The three key U.S. hotel performance indicators for the week ending April 11 dropped at even steeper year-over-year rates than in recent weeks, according to STR.
Compared with the week ending April 13, 2019, STR reported occupancy down 69.8 percent to 21 percent, average daily rate down 45.6 percent to $74.18, and revenue per available room down 83.6 percent to $15.61.
"As we've noted, RevPAR declines of this severity are our temporary new normal," said STR SVP of lodging insights Jan Freitag. "Several weeks of data also point to occupancy in the 20 percent range to be the low point, and economy hotels holding at a higher occupancy level is the pattern right now."
In an April 9 STR webinar, Freitag reported for week ending April 4, the lowest levels occupancy by class were in higher end of the market, with luxury and upper-upscale posting such rates of 9.1 percent and 9.2 percent, respectively. The absolute numbers increased going down the class scale, with economy posting occupancy of 34.8 percent.
The company also has calculated that approximately 665,000 hotel rooms out of 5.4 million in the U.S. were closed, representing 12 percent of inventory. About 7.9 million hotel rooms were sold during the week ending April 4, meaning a little more than 1 million hotel rooms per day still were being occupied. That number a month prior, for the week ending March 7, was 23.1 million.

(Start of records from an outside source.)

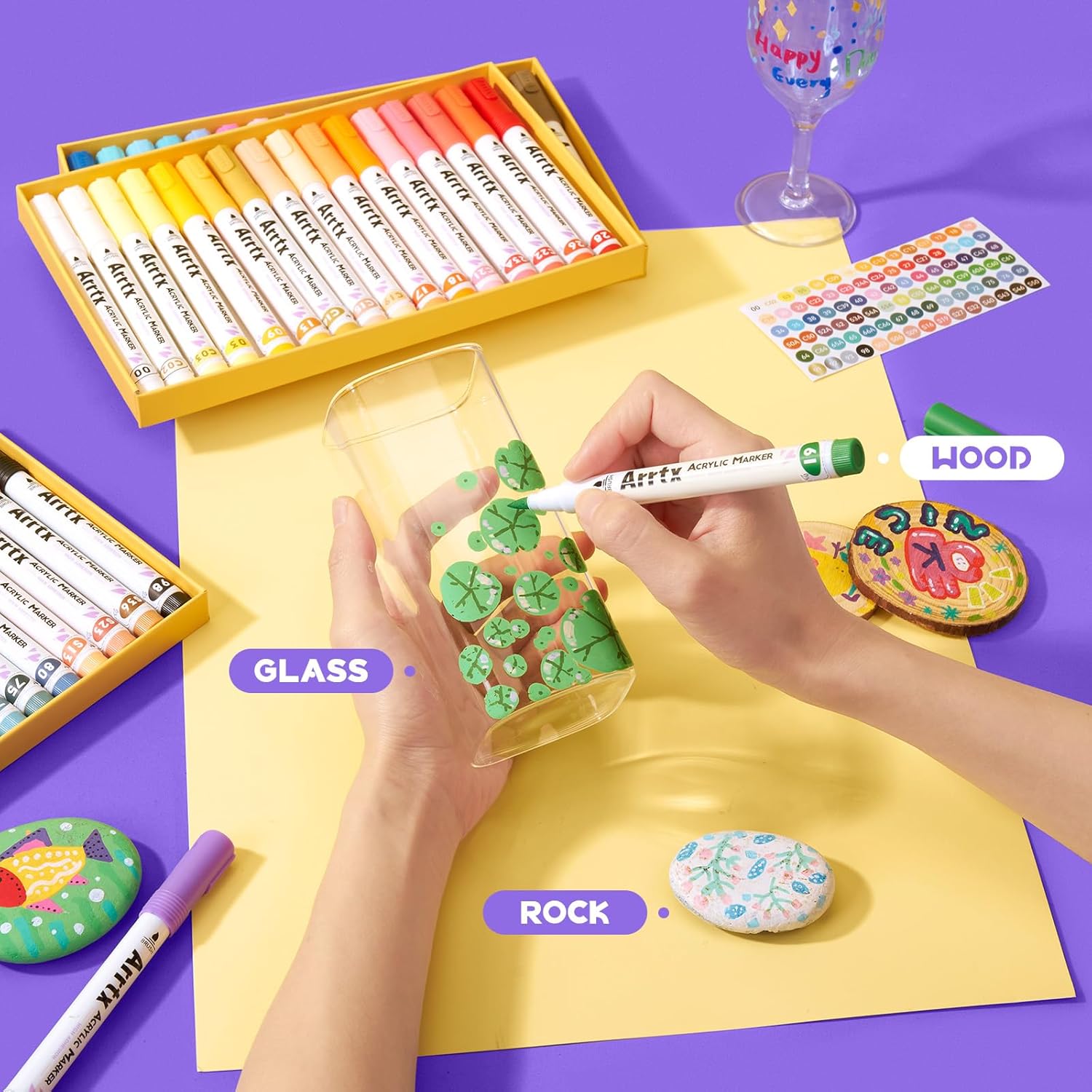 - Arrtx acrylic paint markers set: This marker set provides 48 Vibrant Colors shades for creativity. Please note: When you open the package for the first time, the order of placing the acrylic markers is the same as the order of the color card stickers, just stick them in order.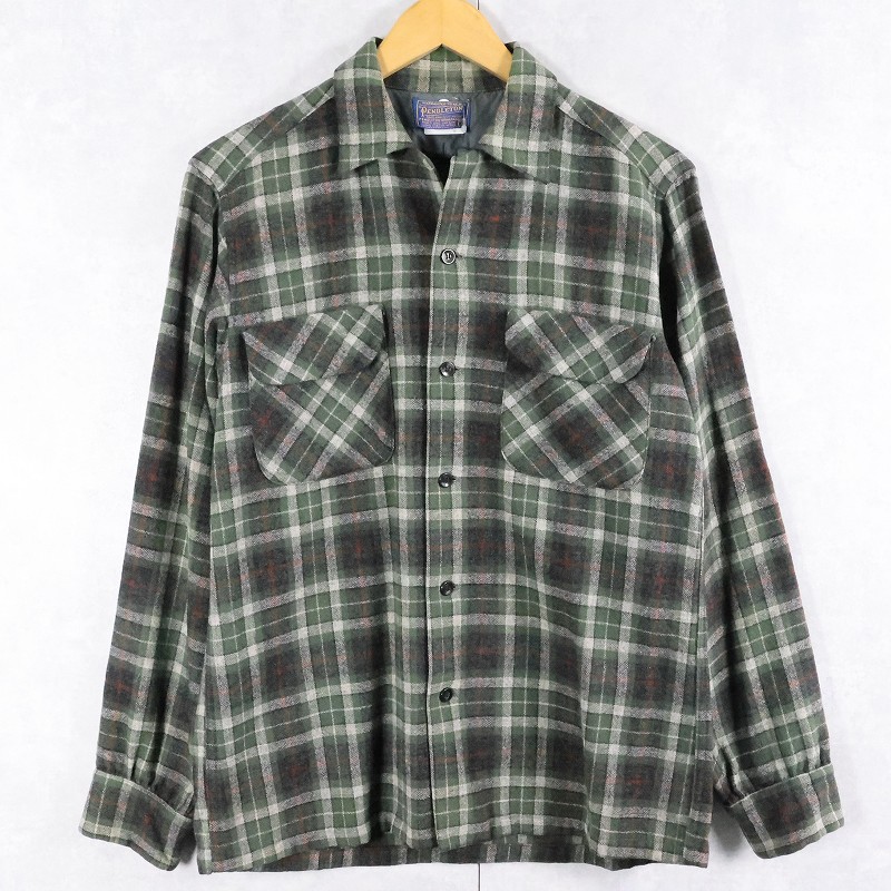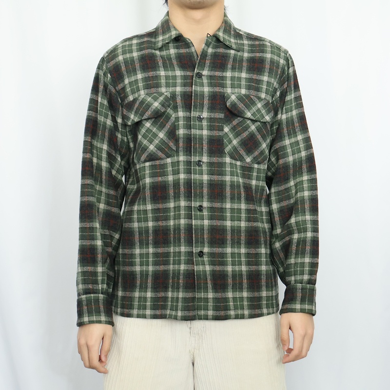 50's PENDLETON チェック柄 ウールオープンカラーシャツ S [165209]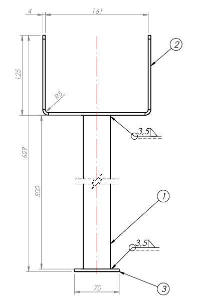 Pätka stĺpa trubková 160/60x629x4 PSS "R500"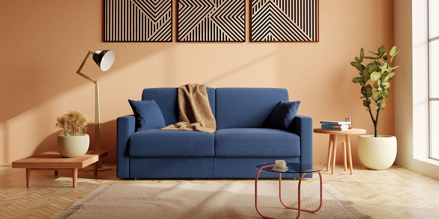 Canapé panoramique avec pouf extractible et dossiers amovibles en tissu doux imperméable T02 bleu canard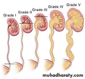 VUR is classified into 5 grades depending on the severity of reflux and the associated dilatation of the renal system.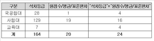 대학수학능력시험은 100% 반영하는 대학이 28개교, 80%이상이 11개교, 60%이상이 37개교, 50%이상이 101개교, 40%이상이 67개교, 30%이상이 16개교이고, 30% 미만이 2개교이며,
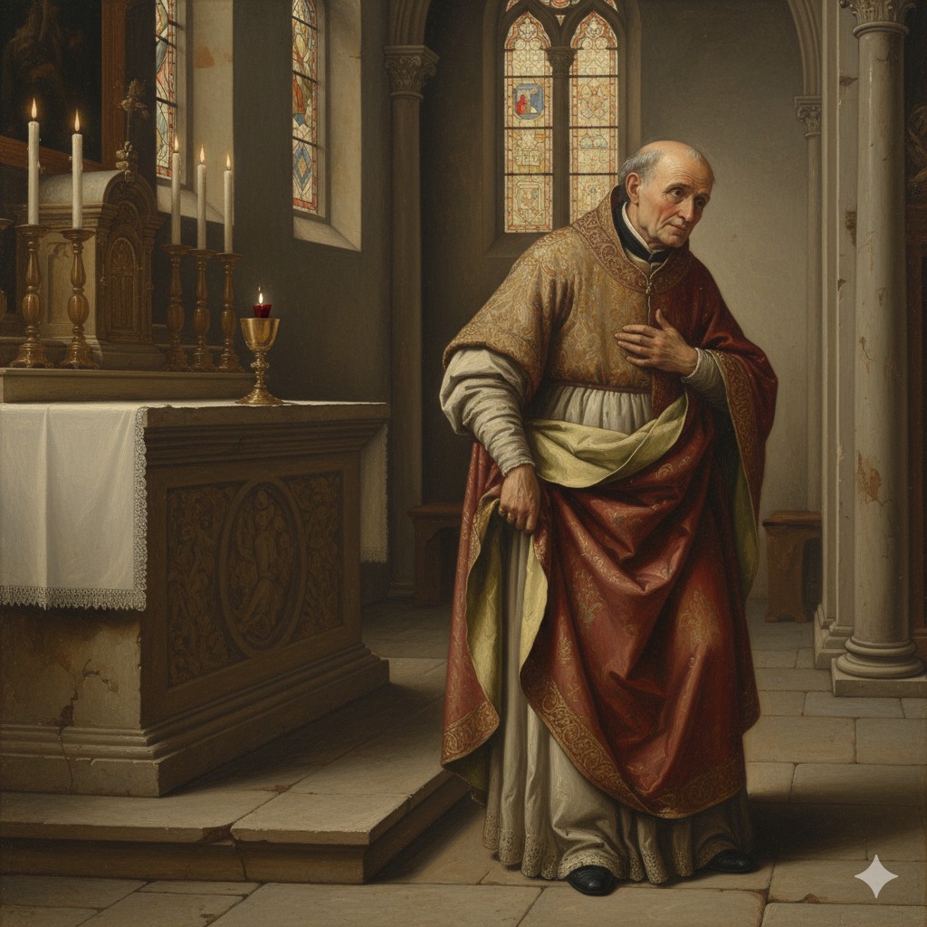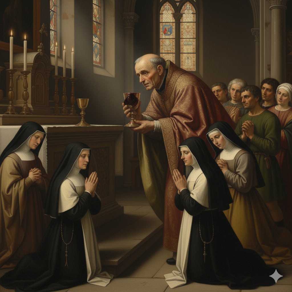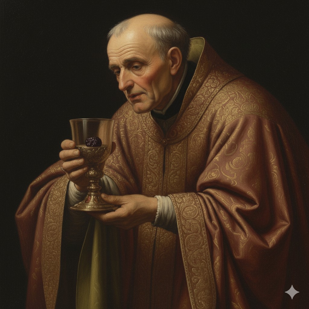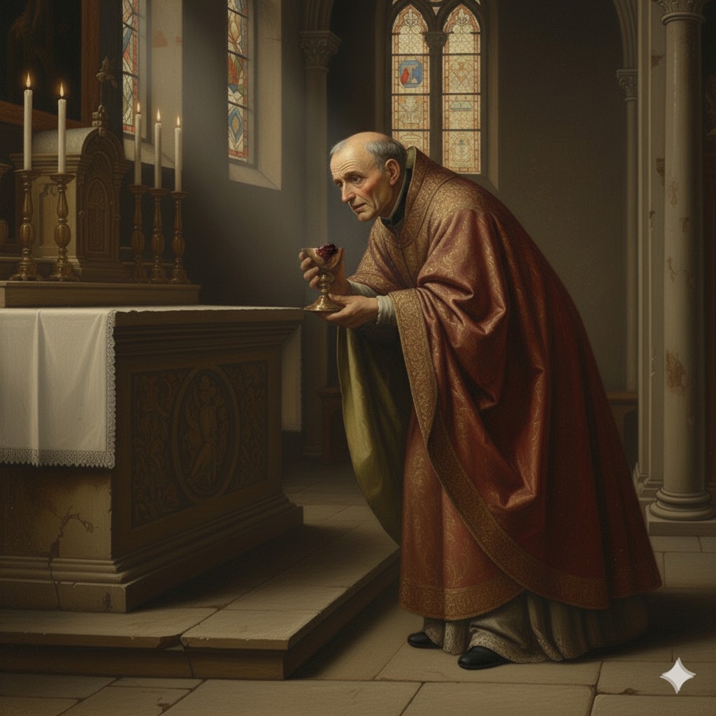Al día siguiente, el sacerdote regresa a la iglesia para celebrar la Misa y, al tomar el mismo cáliz, encuentra en su interior sangre viva coagulada y convertida en carne, en lugar del vino que había dejado.

In the top 25 markets for the week ending April 11, Oahu Island reported the steepest year-over-year decrease in occupancy (down 90.9 percent) and the only single-digit occupancy level (7.1 percent). It also experienced the steeped decline in RevPAR (down 94 percent to $10.26). San Francisco, San Mateo reported the biggest decrease in ADR (down 62.5 percent to $107.42).
The absolute levels of occupancy for New York and Seattle were better this past week (24.8 percent and 20.2 percent, respectively) than in the week ending April 4, likely attributable to an influx of medical and first responders requiring lodging in those cities.
For group occupancy, New York reported the highest absolute occupancy level of 9.7 percent, a 30.2 percent decline from the year prior, compared with most other markets showing declines of more than 90 percent for the period. New York group occupancy for the week ending April 13, 2019, was just 14.3 percent, explaining the difference.